Dear All,
the post about "messages" was going to became a debate about event handling, therefore I have created this separate post.
As I have stated in the wiki page [Contribute! Which weakness have you detected in RTT?], I have seen a serious issue in the current implementation of synchronous event handling.
We do all agree (I guess)that, from a theoretical point of view, something like an "immediate" reaction to an event must be present in RTT.
On the other hand, if the event handle is executed in the thread of the component which emitted the event (TaskA), it is easy to demonstrate that we are very sensible to catastrophic errors (and it is impossible to prevent such situation in the user's code!!!).
The only solution I can see is that the subscribers to the event (TaskB) creates an extra thread responsible for the execution of synchronous handles.
I know, I know!! it sounds non optimal, resource consuming and "dirty", but I insist that the current implementation is much unsafer.
I hope you can be help finding out a better solution.
Davide
synch event handling
ok, I was too optimistic thinking that adetailed explanation was not needed...
This is the weakness I see.
That means that it is executing code that its writer doesn't know because it is part of the callee's code.
This is indeed a huge problem: think about it.
You put in a lab a robot full of state-of-the-art Orocos components: motors-controllers, global controller with impedance control, obstacle avoidance, human detection for safety...
You give the robot to a student for experiments thinking "it can't go wrong".
But the young researcher subscribe synchronously to some event, that maybe was just a warning or a "reached position".
Since in the handle there is a bug (an infinite loop), the vital components such as impedance control and safety are blocked.
As result... robot broken or, even worse, people injured.
Is this the future of Orocos?
We also should think about this kind of risk when it comes to methods, right?
Wrong!

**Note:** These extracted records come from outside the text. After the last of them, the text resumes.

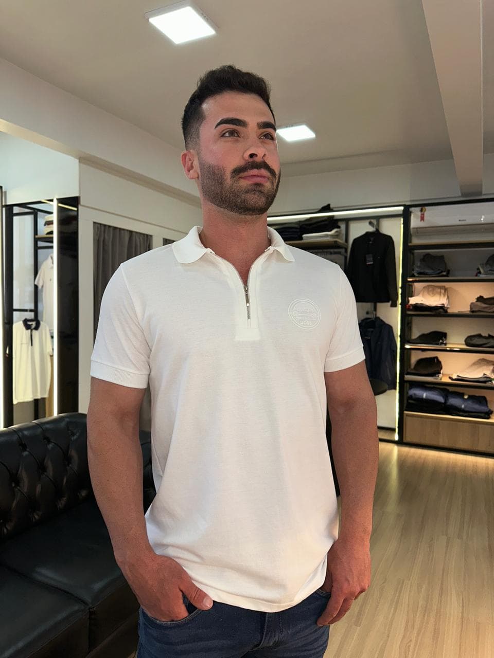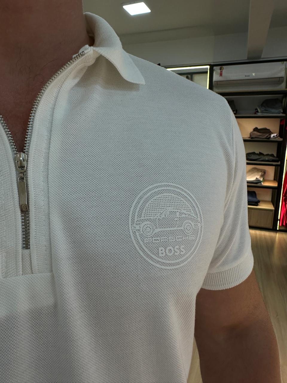Polo Porsche x Boss, desenvolvida em malha de algodão premium com toque suave e excelente caimento. O modelo apresenta gola esportiva com zíper metálico, que adiciona modernidade e estilo à clássica polo.
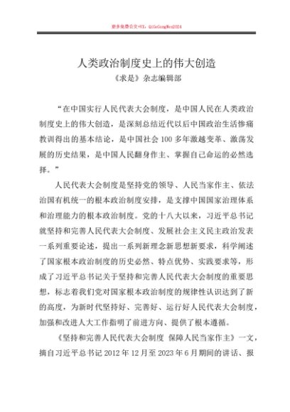 第一议题:20240218《坚持和完善人民代表大会制度 保障人民当家作主》学习文章——《求是》杂志编辑部
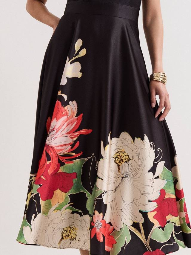 Это атласное платье миди для торжественных случаев воплощает сдержанную элегантность. Современный крой с халтер-хомут, струящийся атлас каскадом ниспадает к юбке, подчёркивая яркий цветочный узор. Присборено на талии, чтобы ещё больше подчеркнуть классический силуэт. Дополните образ чёрными туфлями на каблуке и подходящей сумкой, чтобы создать шикарный образ.
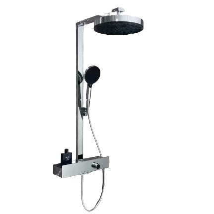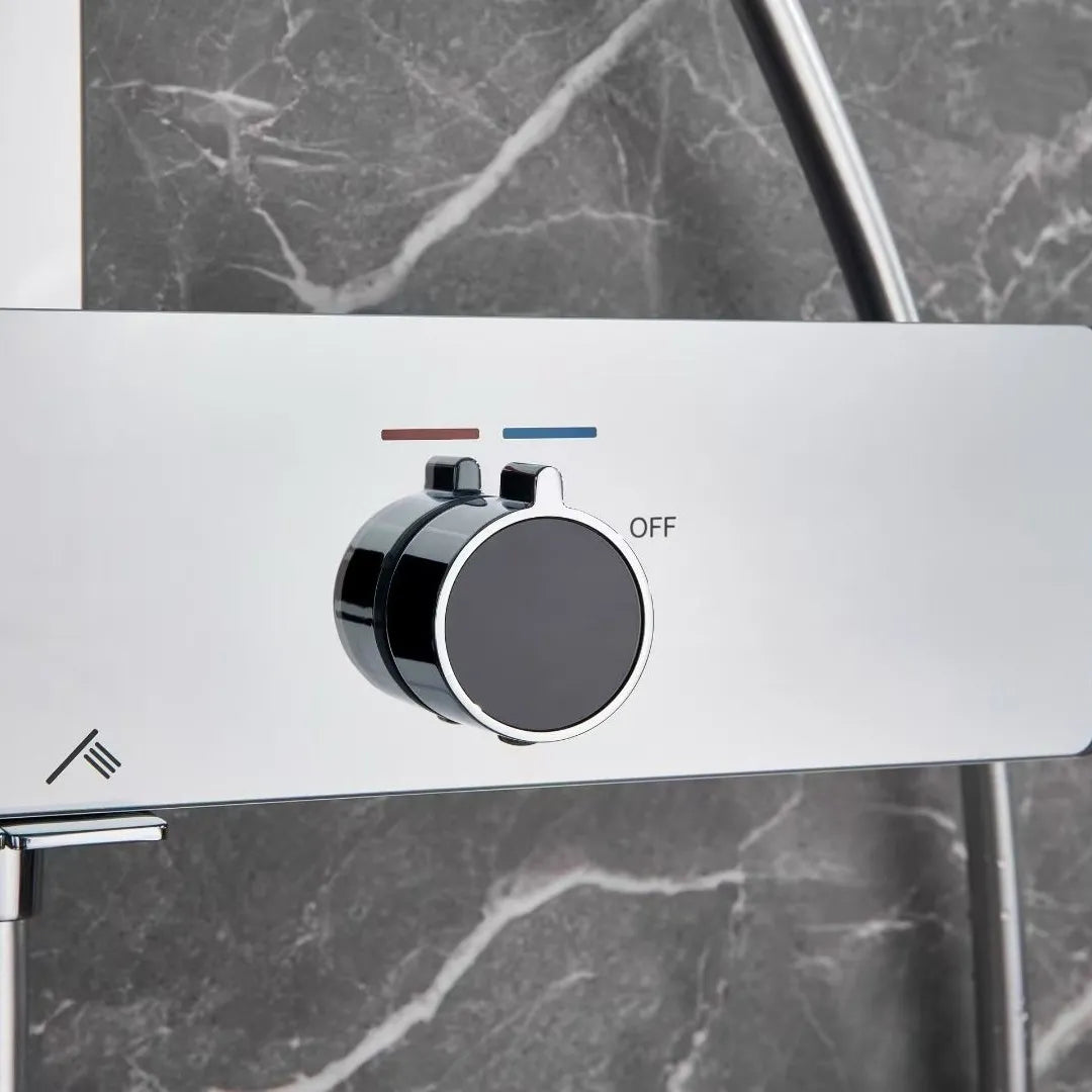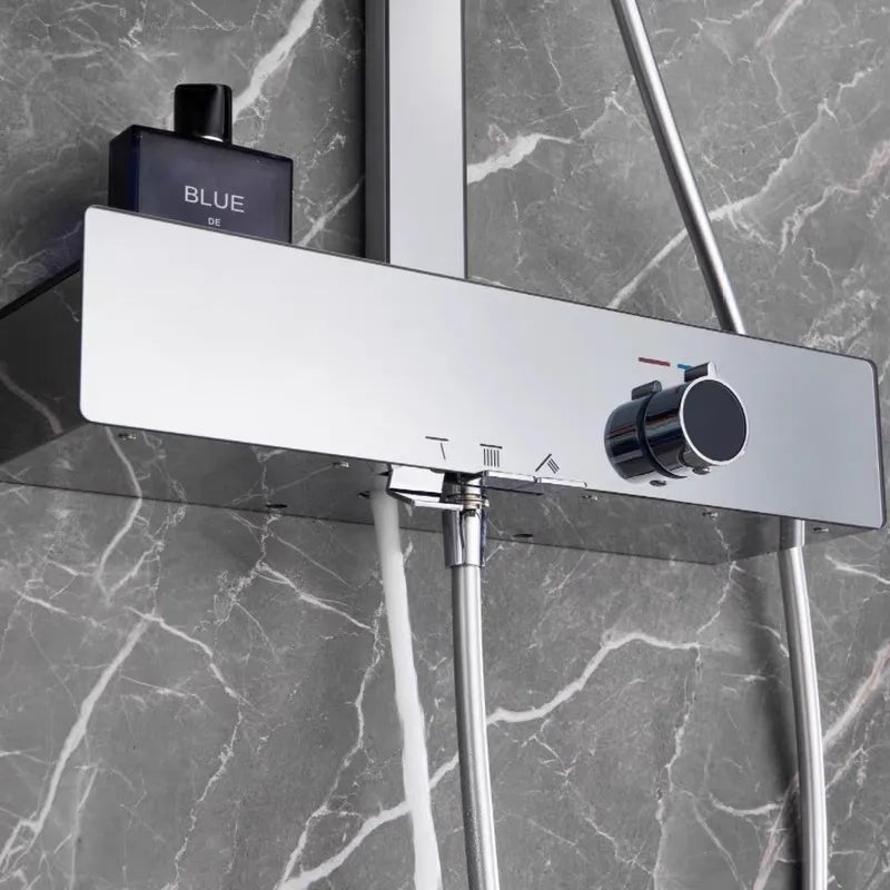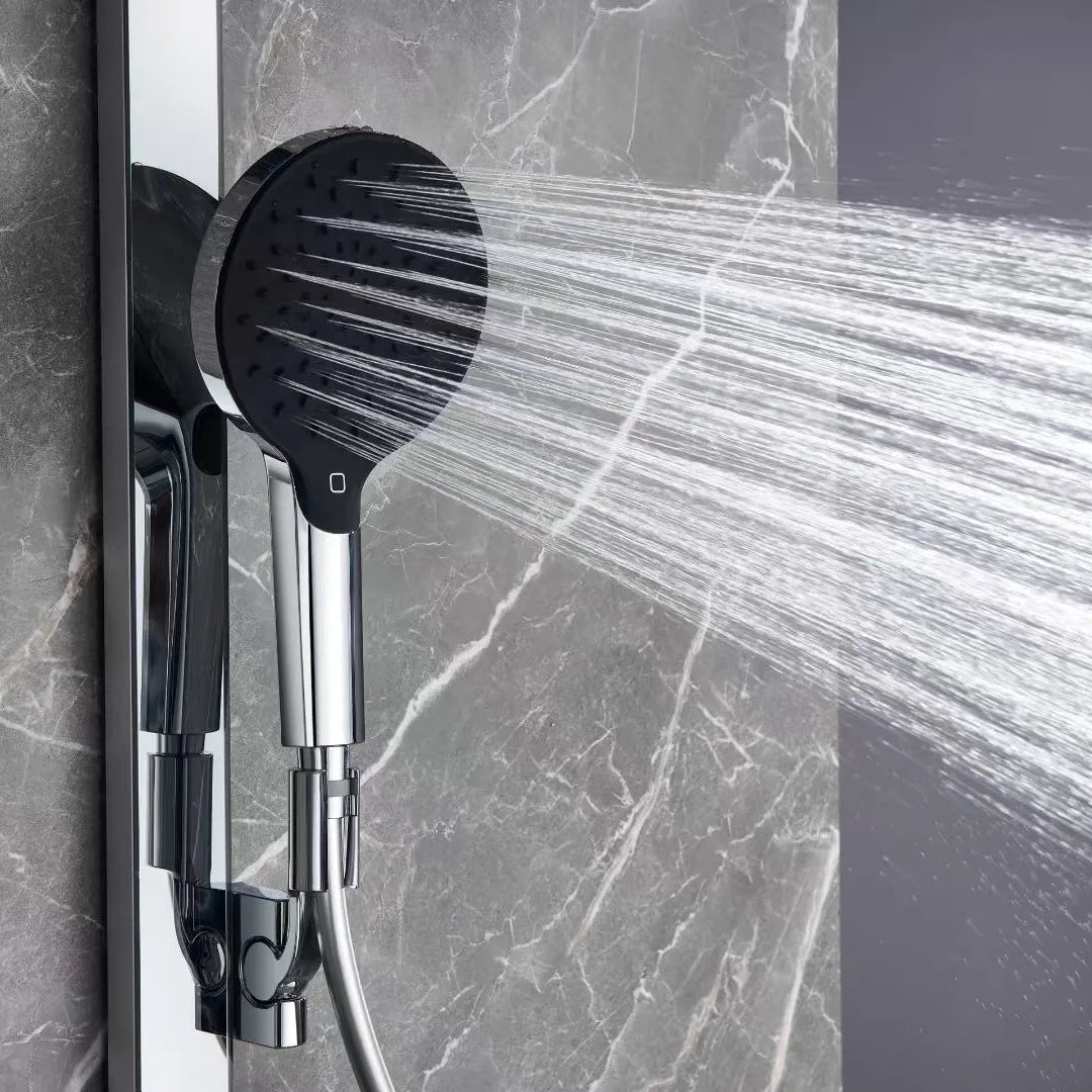 Premium all-copper shower head system featuring brass H59 main waterway with chrome plating finish. Single-handle dual control design with boost feature for pressurized water flow and enhanced shower performance. Wall-mounted installation with fixed and rotatable bracket for flexible setup and easy maintenance.
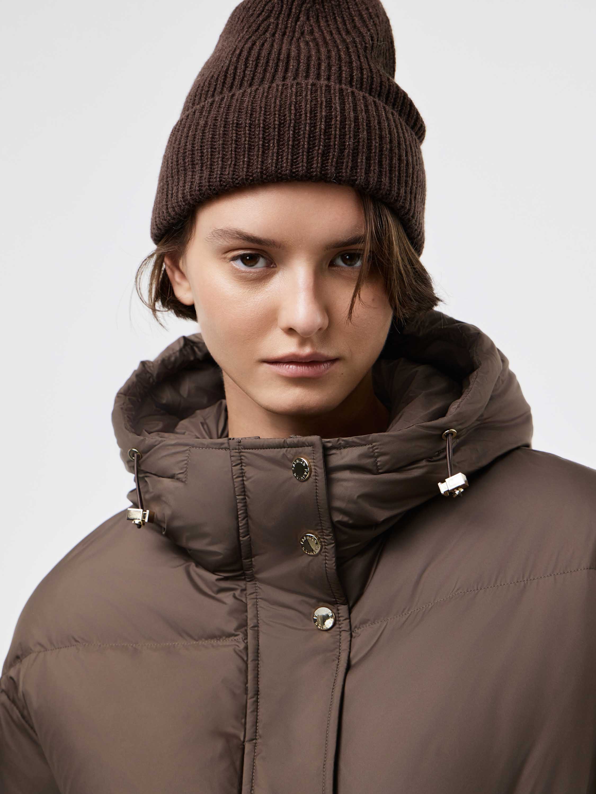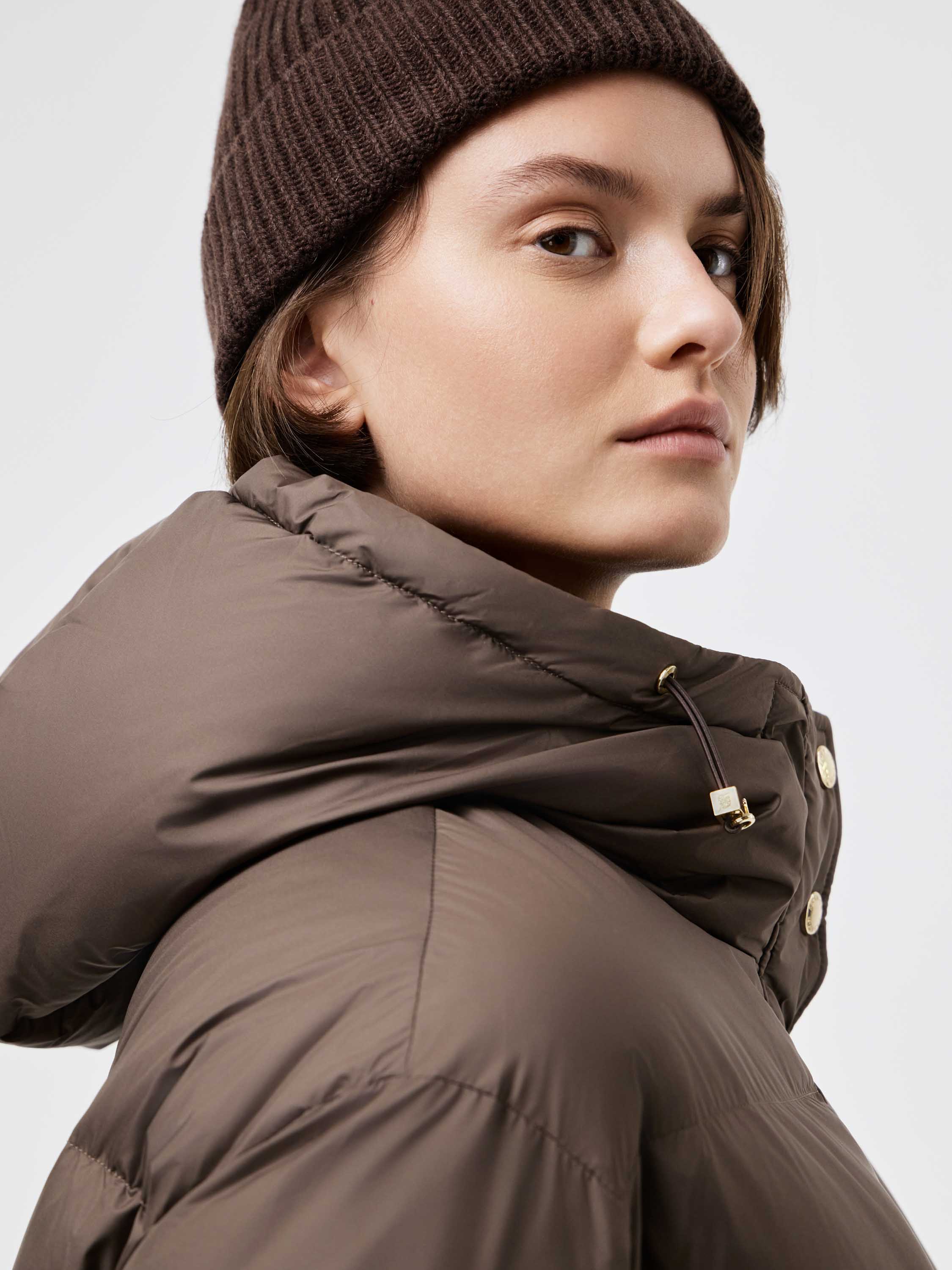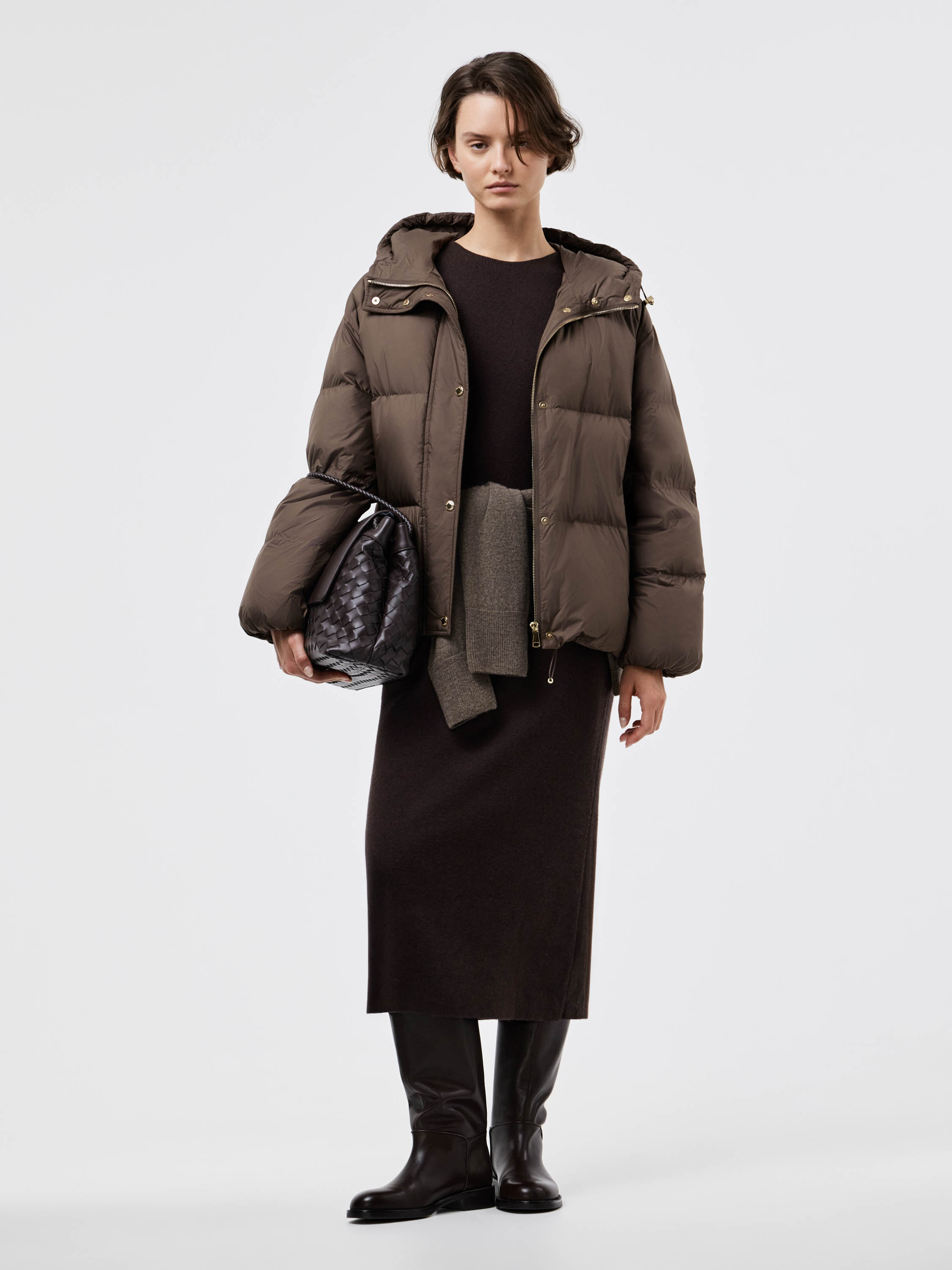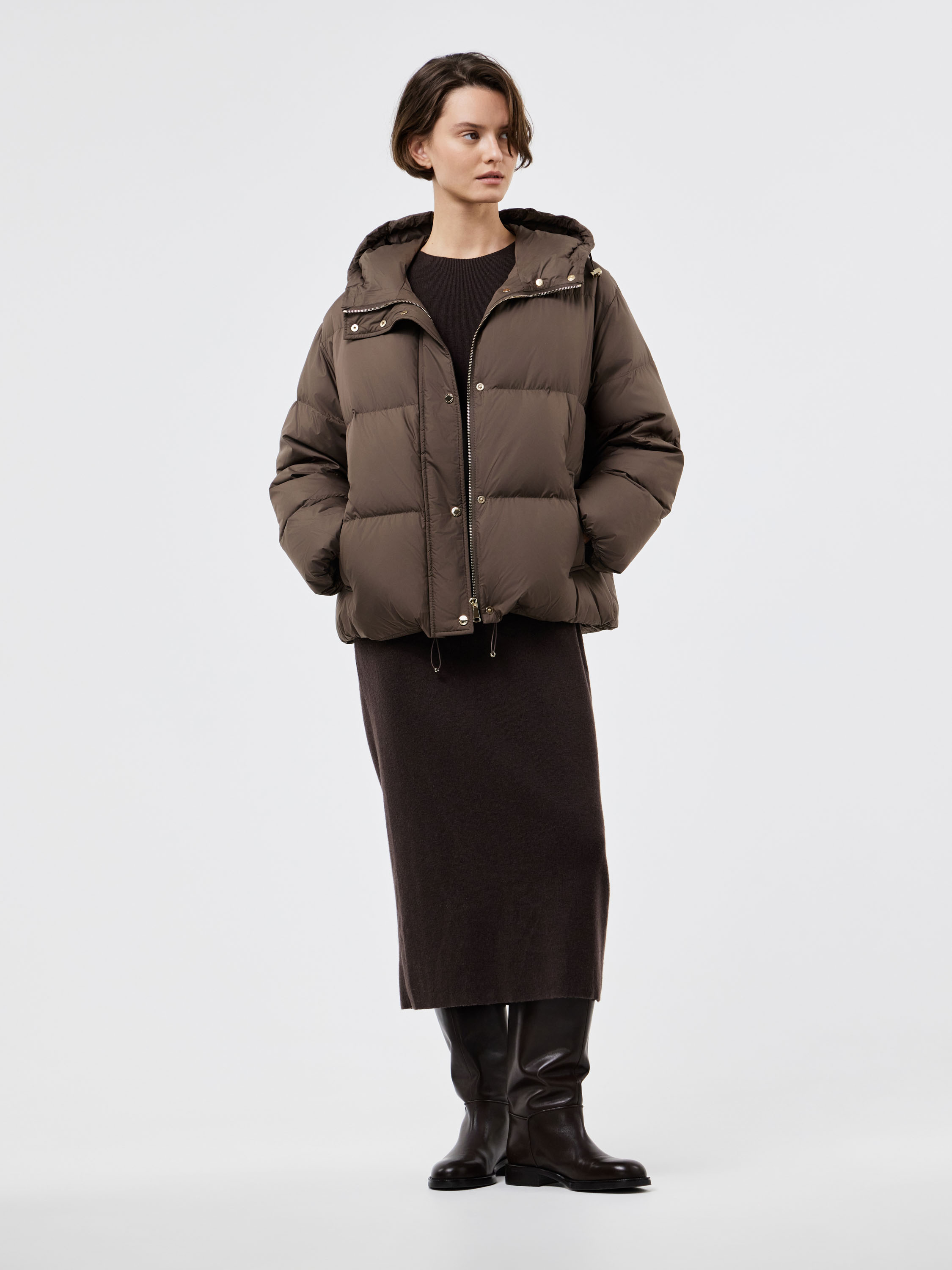 Куртка-пуховик укороченного силуэта с наполнителем из пуха и пера утки сочетает легкость и надежную теплоизоляцию. Объемная простежка формирует современный объем, а прямой крой обеспечивает свободу движений. Капюшон с регулируемым шнурком и застежка на молнию с планкой фиксируют тепло и защищают от ветра. Крупные прорезные карманы подчеркивают практичность модели, а аккуратные металлические детали добавляют выразительности. Универсальный силуэт делает куртку удобной для городских образов: она гармонично смотрится и с джинсами, и с брюками, и с юбками.

When you call a method, you know what you are doing and the risk you have. In my example, the software of the "newbie student" is the one that calls the provided methods. He knows what he is executing! In the worst case it is the buggy thread the one blocked, not the good one.
With synch events, the "good" component is blocked by the "bad" component, and there is no way to foreseen, prevent and avoid it from the good component point of view.
The same philosophy is applied to single process.
There is currently an obsession for single processin RTT. Deployment with Corba is considered an optional feature that, so far, wasn't that important. "Of course we have Corba, but forget about it, use a single process"
If so, this is not a real problem for collocated caller and callee: if the former "crashes", the latter crashes too, since they are both in the same process space.
No real problem? It is a terrible problem! One more time even the strongest and most robust code in the world can be corrupted by an attached components with some bugs!
Considering the goal of Orocos (and thinking about BRICS) I think that we need to bring security at the first place.
if both are not in the same process space, you can _only_ use asynchronous events anyway; the 'synchronous' part is then nothing else but registering the fact that an event was emitted by the caller, and then forwarding this to the "middleware". That middleware will have to have some (configurable) policy about what to do with such "remote event handling" errors.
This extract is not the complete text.